[Records excerpted from a collection]
--- --- ---
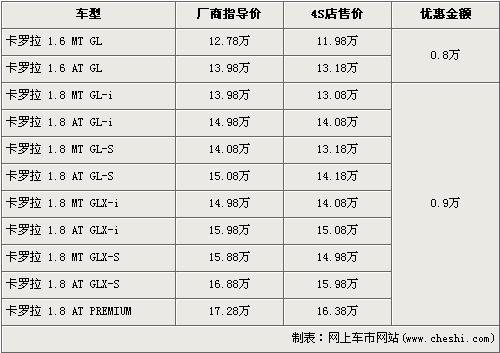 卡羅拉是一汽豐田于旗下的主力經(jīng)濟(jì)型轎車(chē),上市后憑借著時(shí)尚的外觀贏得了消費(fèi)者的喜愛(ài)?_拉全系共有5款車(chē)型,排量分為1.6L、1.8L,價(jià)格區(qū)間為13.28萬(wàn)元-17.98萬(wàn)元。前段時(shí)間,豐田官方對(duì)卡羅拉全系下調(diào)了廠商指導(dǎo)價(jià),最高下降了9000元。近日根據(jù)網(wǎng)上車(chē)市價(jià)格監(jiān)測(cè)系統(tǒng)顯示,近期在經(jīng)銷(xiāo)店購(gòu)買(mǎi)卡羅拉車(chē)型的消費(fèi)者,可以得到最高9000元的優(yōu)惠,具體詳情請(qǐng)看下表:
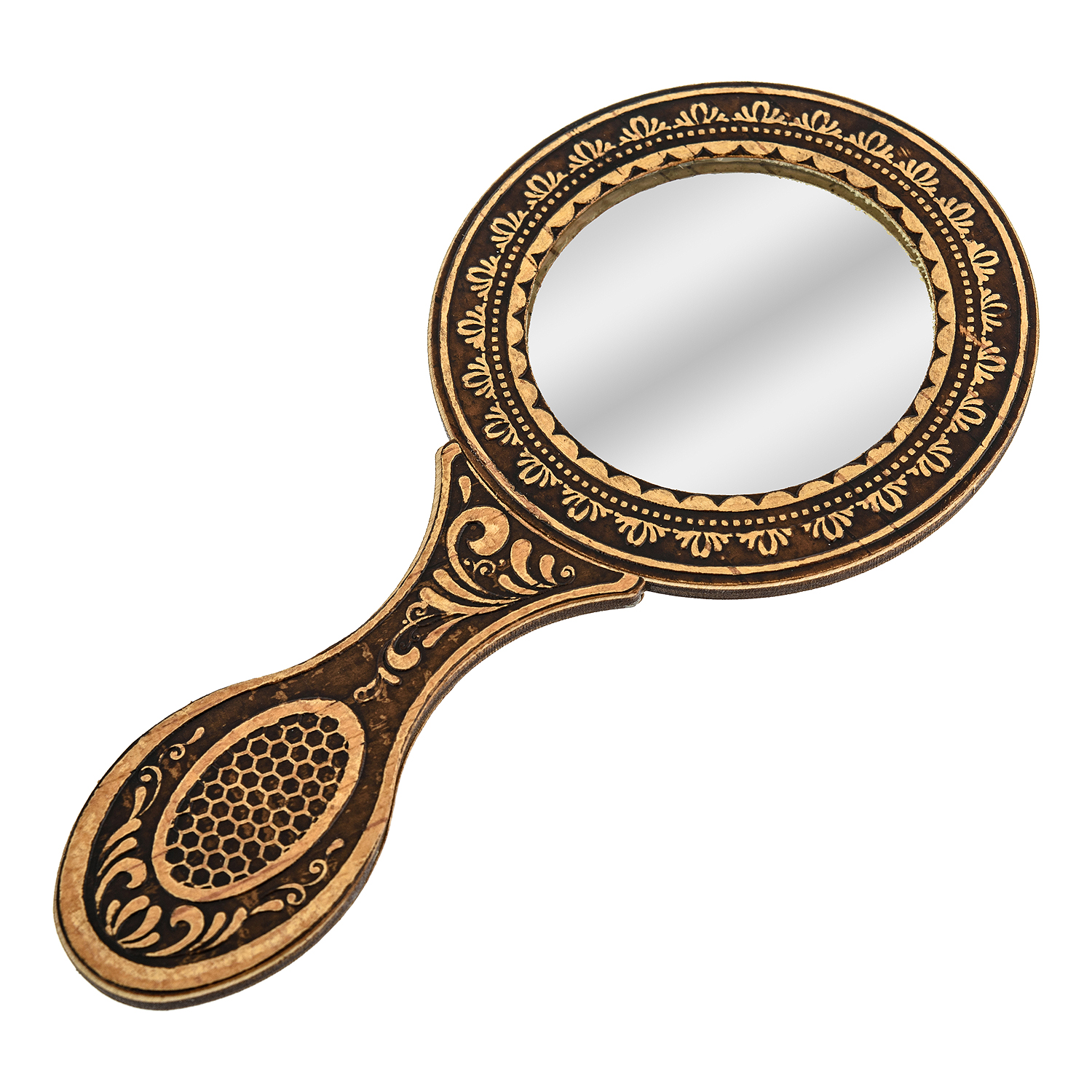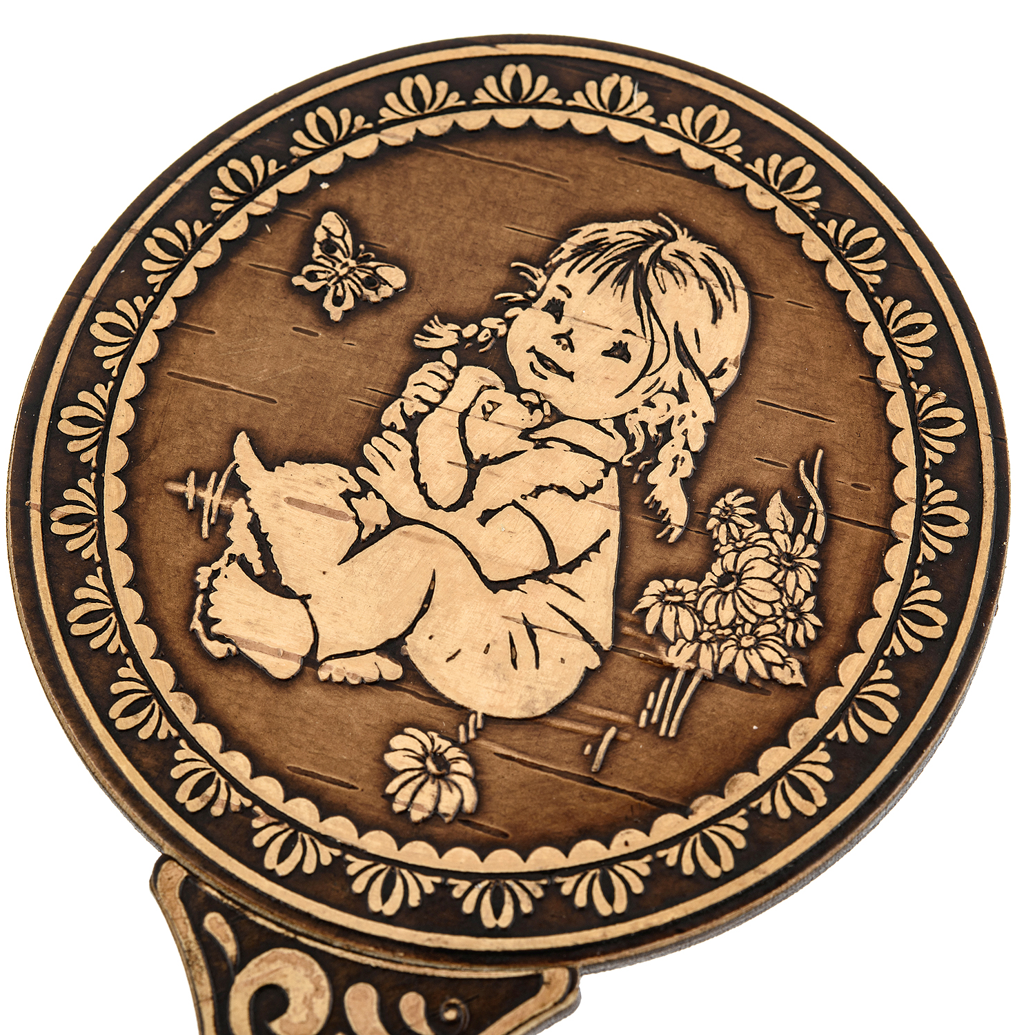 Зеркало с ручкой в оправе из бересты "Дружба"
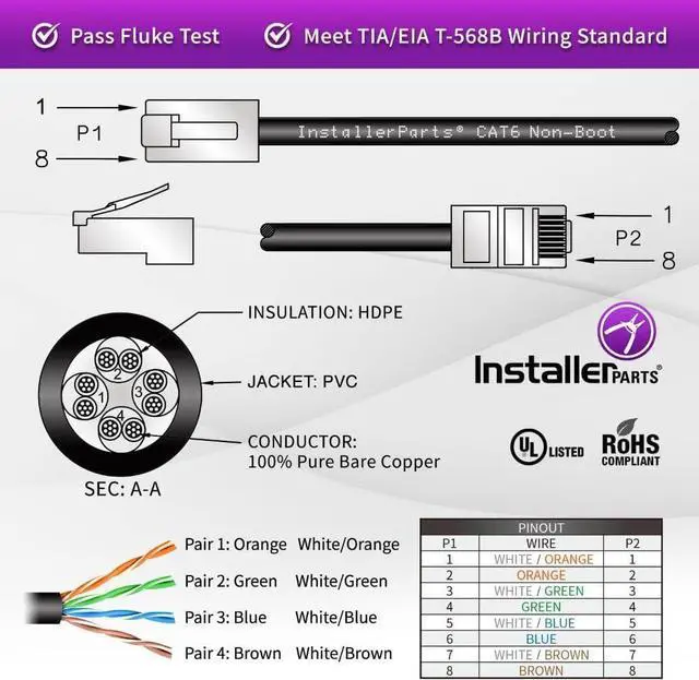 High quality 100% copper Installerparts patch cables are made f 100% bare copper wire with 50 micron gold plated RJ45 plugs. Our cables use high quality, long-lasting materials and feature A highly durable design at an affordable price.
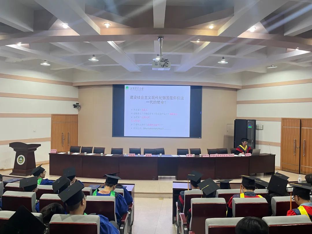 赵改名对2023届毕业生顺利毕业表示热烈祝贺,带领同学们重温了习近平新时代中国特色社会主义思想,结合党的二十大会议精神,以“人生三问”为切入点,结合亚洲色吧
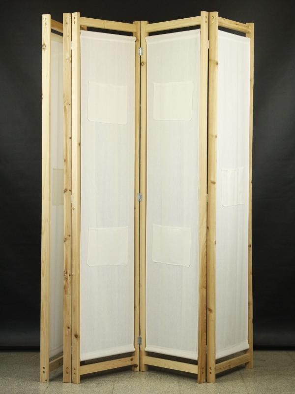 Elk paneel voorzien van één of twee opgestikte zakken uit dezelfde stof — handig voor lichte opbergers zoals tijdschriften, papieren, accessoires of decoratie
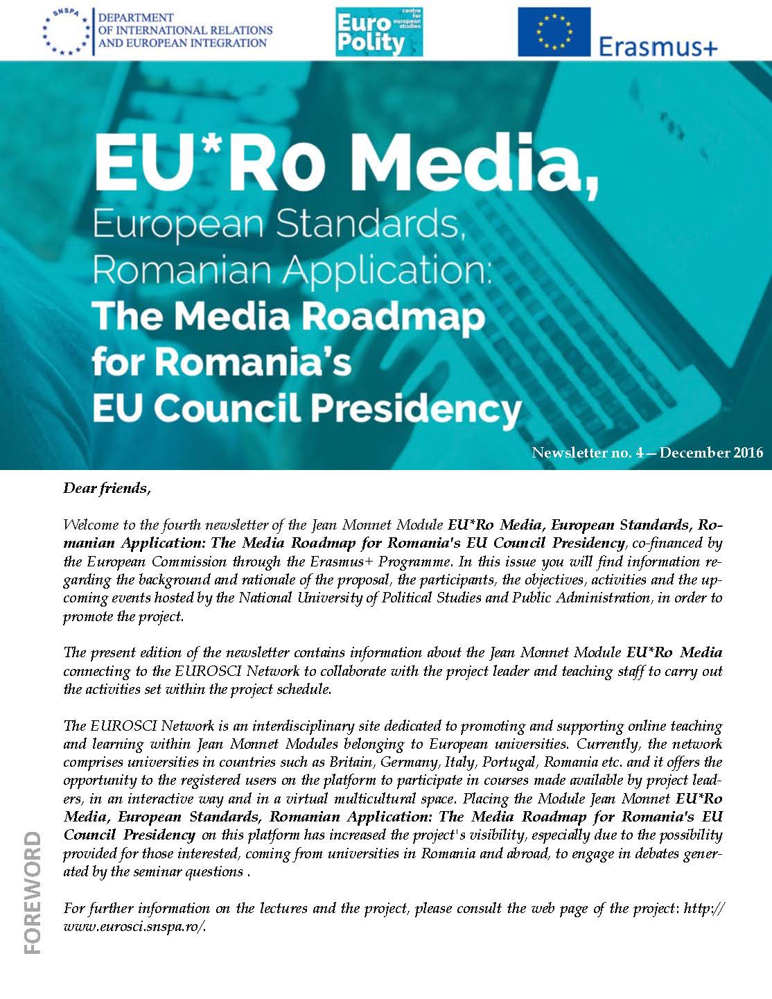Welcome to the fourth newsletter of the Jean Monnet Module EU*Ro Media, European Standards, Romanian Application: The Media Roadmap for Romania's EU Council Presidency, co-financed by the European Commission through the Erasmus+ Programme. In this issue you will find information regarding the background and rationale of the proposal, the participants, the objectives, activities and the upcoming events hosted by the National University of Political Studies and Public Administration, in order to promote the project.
--- --- ---
• [Work item]
A word-for-word copy of all the data, without pictures, is the expected output.

• [Result of this exercise]
 卡羅拉是一汽豐田于旗下的主力經(jīng)濟(jì)型轎車(chē),上市后憑借著時(shí)尚的外觀贏得了消費(fèi)者的喜愛(ài)?_拉全系共有5款車(chē)型,排量分為1.6L、1.8L,價(jià)格區(qū)間為13.28萬(wàn)元-17.98萬(wàn)元。前段時(shí)間,豐田官方對(duì)卡羅拉全系下調(diào)了廠商指導(dǎo)價(jià),最高下降了9000元。近日根據(jù)網(wǎng)上車(chē)市價(jià)格監(jiān)測(cè)系統(tǒng)顯示,近期在經(jīng)銷(xiāo)店購(gòu)買(mǎi)卡羅拉車(chē)型的消費(fèi)者,可以得到最高9000元的優(yōu)惠,具體詳情請(qǐng)看下表:
 Зеркало с ручкой в оправе из бересты "Дружба"
 High quality 100% copper Installerparts patch cables are made f 100% bare copper wire with 50 micron gold plated RJ45 plugs. Our cables use high quality, long-lasting materials and feature A highly durable design at an affordable price.
 赵改名对2023届毕业生顺利毕业表示热烈祝贺,带领同学们重温了习近平新时代中国特色社会主义思想,结合党的二十大会议精神,以“人生三问”为切入点,结合亚洲色吧
 Elk paneel voorzien van één of twee opgestikte zakken uit dezelfde stof — handig voor lichte opbergers zoals tijdschriften, papieren, accessoires of decoratie
Welcome to the fourth newsletter of the Jean Monnet Module EU*Ro Media, European Standards, Romanian Application: The Media Roadmap for Romania's EU Council Presidency, co-financed by the European Commission through the Erasmus+ Programme. In this issue you will find information regarding the background and rationale of the proposal, the participants, the objectives, activities and the upcoming events hosted by the National University of Political Studies and Public Administration, in order to promote the project.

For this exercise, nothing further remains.